Convergence of the series $\sum \frac{\sqrt{n+1}-\sqrt{n}}{n^x}$ Could you help me to understand for which $x$ this series converge  $\displaystyle\sum \frac{\sqrt{n+1}-\sqrt{n}}{n^x}$?
 A: Note that $$\frac{\sqrt{n+1}-\sqrt{n}}{n^x}=\frac{\sqrt{n+1}-\sqrt{n}}{n^x}\cdot\frac{\sqrt{n+1}+\sqrt{n}}{\sqrt{n+1}+\sqrt{n}}=\frac{1}{n^x(\sqrt{n+1}+\sqrt{n})}.$$
If $x>1/2$, then 
$$\frac{\sqrt{n+1}-\sqrt{n}}{n^x}=\frac{1}{n^x(\sqrt{n+1}+\sqrt{n})}\leq\frac{1}{n^x(2\sqrt{n})}=\frac{1}{2n^{x+\frac{1}{2}}}.$$
Since $\displaystyle\sum\frac{1}{2n^{x+\frac{1}{2}}}$ converges when $x>1/2$ (see p-series), by comparison test, $\displaystyle\sum\frac{\sqrt{n+1}-\sqrt{n}}{n^x}$ converges. 

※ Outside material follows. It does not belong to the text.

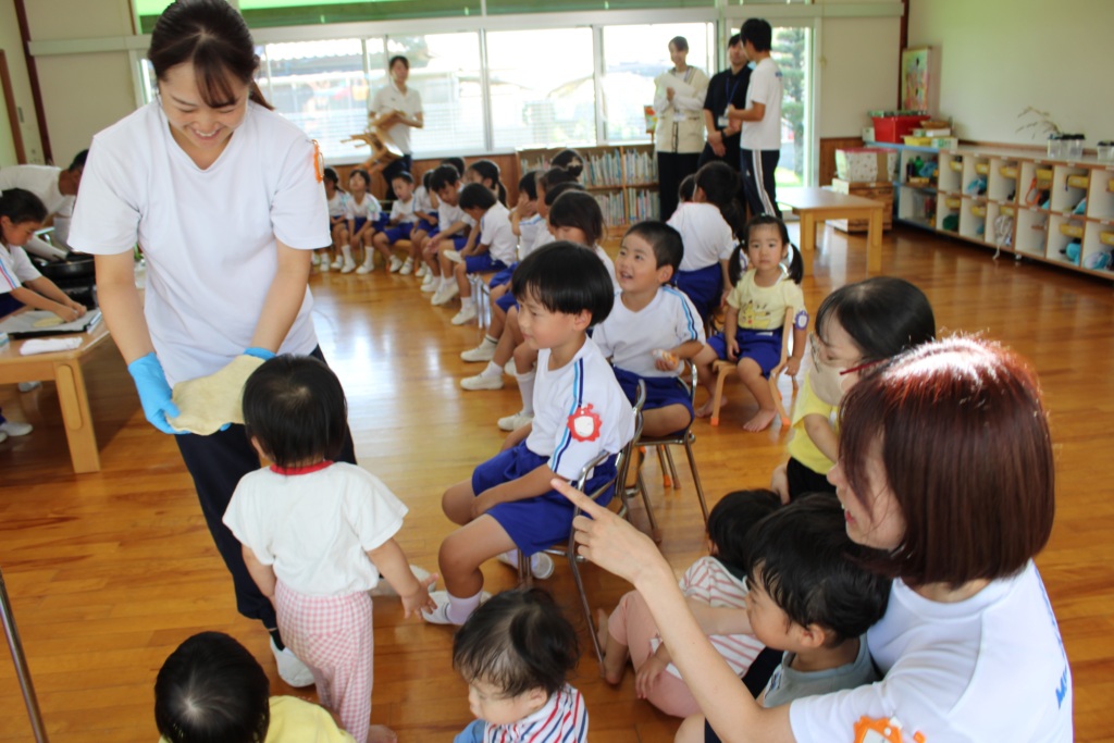職員が切り分け、子ども達は好きなピザを取りに来ました。自分たちで作ったピザに見た目も味も大満足!「おかわりある?」の声がたくさん聞こえてきましたが、「小さなクラスのお友達も食べるから今日はないよ」というと納得してくれました。次回はもっとたくさん生地が必要になりそうですね。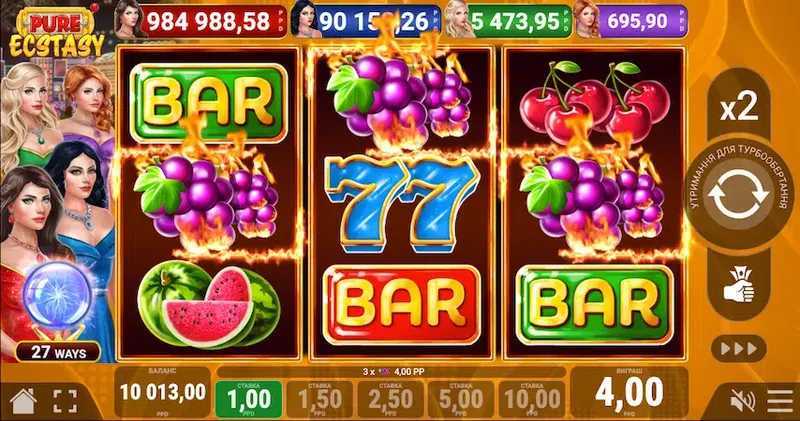 Pure Ecstasy features a 3x3 grid, which provides a limited space for winning combinations compared to larger grids. With 27 paylines, this allows for multiple ways to win in each spin. The setup suggests that while wins can occur, they may be less frequent, translating into a potentially higher variance of results.

On the other hand, if $x\le 1/2$,
$$\frac{\sqrt{n+1}-\sqrt{n}}{n^x}=\frac{1}{n^x(\sqrt{n+1}+\sqrt{n})}\geq\frac{1}{n^x(\sqrt{n})}=\frac{1}{n^{x+\frac{1}{2}}}\geq\frac{1}{n}.$$
Since the harmonic series diverges, by comparison test again, $\displaystyle\sum\frac{\sqrt{n+1}-\sqrt{n}}{n^x}$ diverges. 
A: We know that $\displaystyle\sum_{n=1}^\infty n^{-s}$ converges for $s>1$.
As pointed out by Norbert, $\sqrt{n+1}-\sqrt{n}= \frac{1}{\sqrt{n+1}+\sqrt{n}}<\frac{1}{\sqrt{n}+\sqrt{n}}$.
Hence, $\displaystyle\sum_{n=1}^\infty \frac{\sqrt{n+1}-\sqrt{n}}{n^x}<\displaystyle\sum_{n=1}^\infty \frac{1}{2\times{n^{\frac{1}{2}+x}}}$.
hence, for convergence, we must have the exponent of n $>1$. Hence, we must have $x>\frac{1}{2}$.